Learn What Life is Like for Expatriates in China

It’s very different being an expat in China than in most of the countries around the world. For instance, much of the emphasis is on learning Chinese if you want to experience the best of everything that China has to offer. Chinese in general are very welcoming people who find it exciting to have foreigners around. They will love sharing everything you need to know to lead a comfortable and convenient life in China. Their warm approach makes China a country like none other, making it easier for every expat to easily settle down here.

It’s worth noticing here that the Chinese culture is completely unlike anything expats are used to in the past. While the westerners have fixed working hours, the Chinese always tend to keep working well beyond that. A lot of this has to do with a Chinese boss. For those who have a foreign boss, work hours will be just like the west. Most of the expats have their roles decided in different sectors before entering the country. Such jobs are mostly based in the cities. Expats who prefer working in more suburban or rural areas can mostly take up English teacher or NGO jobs only.

Explore China

There are about 40 major cities in China, with an average population of 2 million in each of them. Such a high population means that everything is more in the cities, the industries, cars, restaurants, places to hang out, and even the pollution level. Because of such high levels of pollution, people in these cities have to go around wearing facemasks. These masks are all not fully-functional though, and may not be as effective to filter the smallest of polluting particles floating in the air around them.

Let’s quickly overview how China is as an expat destination and what you need to know about the country before arriving there.

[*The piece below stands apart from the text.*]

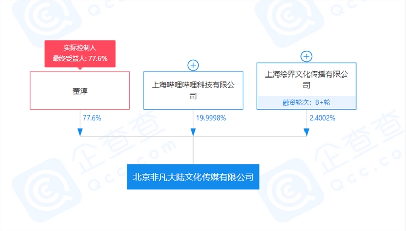 近日,上海哔哩哔哩科技有限公司(以下简称“哔哩哔哩科技”)入股北京非凡大陆文化传媒有限公司(以下简称“非凡大陆”),持有非凡大陆约20%股权。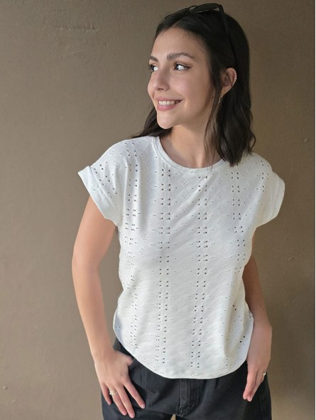 Remera manga corta de broderie.

Best things about living in China as an expatriate:

  • Choices in food: China is a heaven for foodies. The country probably has more restaurants in a city on an average than any other country in the world. The cuisines are delectable, though they are mostly Chinese and so you may need a while to develop the taste. You may be lucky enough to find a restaurant where you get the cuisines more popular in your country, but they won’t come cheap.
  • Career: Working in China can be very rewarding for your career and of course financially as well. Most expat jobs will pay well and while you will have to work hard, you can also play hard as well.
  • Friendly locals: The Chinese are quite welcoming to expatriates. They always love to help those in need. This especially stands good for the foreigners, whom they see with admiration and would do anything to become friends with them. Even if you are around some Chinese people who don’t know English, they will try to help you out even if they have to seek assistance from their bilingual friends.
  • Cost of living: If you don’t seek an uber-exclusive place to stay, don’t crave foreign cuisines, and don’t take cabs all the time, you will find China to have a low cost of living.
  • The Culture: There are so many interesting sites to see in China – from the Great Wall to the Forbidden City. Make sure you travel throughout China to see as much of this great country as possible.
  • Busy streets in the evening: People in various countries may tend to stay indoors during parties. That is just not how the Chinese do it. They prefer to come out on streets for everything, whether it’s eating out, partying, or hanging out with friends and family. As you would expect, China is quite crowded and this can be a bit disconcerting at first, but you will get used to it.

China for Expats

Not-so-great things about China for expats:

  • Climate: One drawback of living in China is the climate which may not suit everyone. The country only experiences winter and summer with winter temperatures dropping to as low as 6ºC. However, there is no snowfall during the colder months in the north of the country. Summers are usually accompanied by rain and thunderstorms and can be quite hot. As an expat, you may find it very difficult to adjust to the strange climatic conditions of this nation.
  • Social gaps: Chinese people work hard to earn their living. Some earn more because of their more critical role, while others continue to earn less. This difference in wages has led to the development of a culture where the rich don’t talk to the poor much, don’t share meals with them, and mostly prefer to live with people who have the same social or economic status.
  • Language Barrier: If you are not used to Mandarin, you will have a tough time learning the new language and communicating with local folks. Learning Mandarin is not very easy, and you may even have to hire a Chinese interpreter for official or business meetings at times.
  • Pollution: Pollution is another cause of concern for China at present. Several steps have already been taken by the Chinese government to curb pollution levels. However, the situation is still beyond their reach and may take a while to stabilize.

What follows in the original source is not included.